Collection entries:

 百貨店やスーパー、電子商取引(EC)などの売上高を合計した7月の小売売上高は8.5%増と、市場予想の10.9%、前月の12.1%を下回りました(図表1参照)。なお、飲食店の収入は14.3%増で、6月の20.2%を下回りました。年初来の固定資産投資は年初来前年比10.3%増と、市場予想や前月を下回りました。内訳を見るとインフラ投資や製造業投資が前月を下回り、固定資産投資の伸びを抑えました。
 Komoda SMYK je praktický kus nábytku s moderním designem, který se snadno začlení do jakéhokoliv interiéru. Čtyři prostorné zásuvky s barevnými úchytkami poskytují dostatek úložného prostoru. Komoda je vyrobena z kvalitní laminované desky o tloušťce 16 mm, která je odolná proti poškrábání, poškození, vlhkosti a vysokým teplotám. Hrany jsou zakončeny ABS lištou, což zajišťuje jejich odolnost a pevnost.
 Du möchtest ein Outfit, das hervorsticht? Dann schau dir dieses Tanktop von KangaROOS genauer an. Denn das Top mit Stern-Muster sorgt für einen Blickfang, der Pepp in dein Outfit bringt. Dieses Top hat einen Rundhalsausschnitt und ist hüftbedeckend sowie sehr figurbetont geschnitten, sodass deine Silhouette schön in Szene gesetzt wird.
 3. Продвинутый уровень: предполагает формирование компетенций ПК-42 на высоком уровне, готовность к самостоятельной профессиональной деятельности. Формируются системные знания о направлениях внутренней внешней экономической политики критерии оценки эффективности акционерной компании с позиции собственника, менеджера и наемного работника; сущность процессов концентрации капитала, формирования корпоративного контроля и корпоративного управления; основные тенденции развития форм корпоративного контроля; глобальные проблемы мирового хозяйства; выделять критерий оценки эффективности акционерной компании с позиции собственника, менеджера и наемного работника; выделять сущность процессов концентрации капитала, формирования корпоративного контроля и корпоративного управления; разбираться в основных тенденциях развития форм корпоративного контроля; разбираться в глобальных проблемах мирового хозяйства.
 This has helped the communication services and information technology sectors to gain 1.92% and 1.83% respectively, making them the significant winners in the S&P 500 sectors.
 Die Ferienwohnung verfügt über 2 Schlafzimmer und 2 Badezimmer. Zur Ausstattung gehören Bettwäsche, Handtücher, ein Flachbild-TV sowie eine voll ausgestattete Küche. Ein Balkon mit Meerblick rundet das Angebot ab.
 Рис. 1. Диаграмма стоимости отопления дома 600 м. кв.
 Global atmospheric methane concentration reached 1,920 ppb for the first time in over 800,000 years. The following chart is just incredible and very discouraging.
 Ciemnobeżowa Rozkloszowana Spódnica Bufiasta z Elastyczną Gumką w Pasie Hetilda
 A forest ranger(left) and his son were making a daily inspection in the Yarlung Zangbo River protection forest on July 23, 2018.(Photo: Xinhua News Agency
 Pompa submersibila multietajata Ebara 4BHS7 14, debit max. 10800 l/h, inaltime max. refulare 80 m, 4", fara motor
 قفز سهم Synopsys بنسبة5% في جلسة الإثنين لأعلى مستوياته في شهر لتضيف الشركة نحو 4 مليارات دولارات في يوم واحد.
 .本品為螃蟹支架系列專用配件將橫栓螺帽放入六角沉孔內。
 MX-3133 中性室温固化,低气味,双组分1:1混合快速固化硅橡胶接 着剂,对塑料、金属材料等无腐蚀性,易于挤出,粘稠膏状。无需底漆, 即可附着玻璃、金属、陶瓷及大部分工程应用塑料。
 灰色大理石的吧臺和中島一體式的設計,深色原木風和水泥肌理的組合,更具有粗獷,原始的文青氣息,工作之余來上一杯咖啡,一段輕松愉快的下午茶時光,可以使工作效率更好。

**Task to complete:** Your answer should consist only of the lines above between the line holding "Die Ferienwohnung verfügt" and the line holding "A forest ranger(left)", inclusive, each transcribed exactly.

**Response below:**
 Die Ferienwohnung verfügt über 2 Schlafzimmer und 2 Badezimmer. Zur Ausstattung gehören Bettwäsche, Handtücher, ein Flachbild-TV sowie eine voll ausgestattete Küche. Ein Balkon mit Meerblick rundet das Angebot ab.
 Рис. 1. Диаграмма стоимости отопления дома 600 м. кв.
 Global atmospheric methane concentration reached 1,920 ppb for the first time in over 800,000 years. The following chart is just incredible and very discouraging.
 Ciemnobeżowa Rozkloszowana Spódnica Bufiasta z Elastyczną Gumką w Pasie Hetilda
 A forest ranger(left) and his son were making a daily inspection in the Yarlung Zangbo River protection forest on July 23, 2018.(Photo: Xinhua News Agency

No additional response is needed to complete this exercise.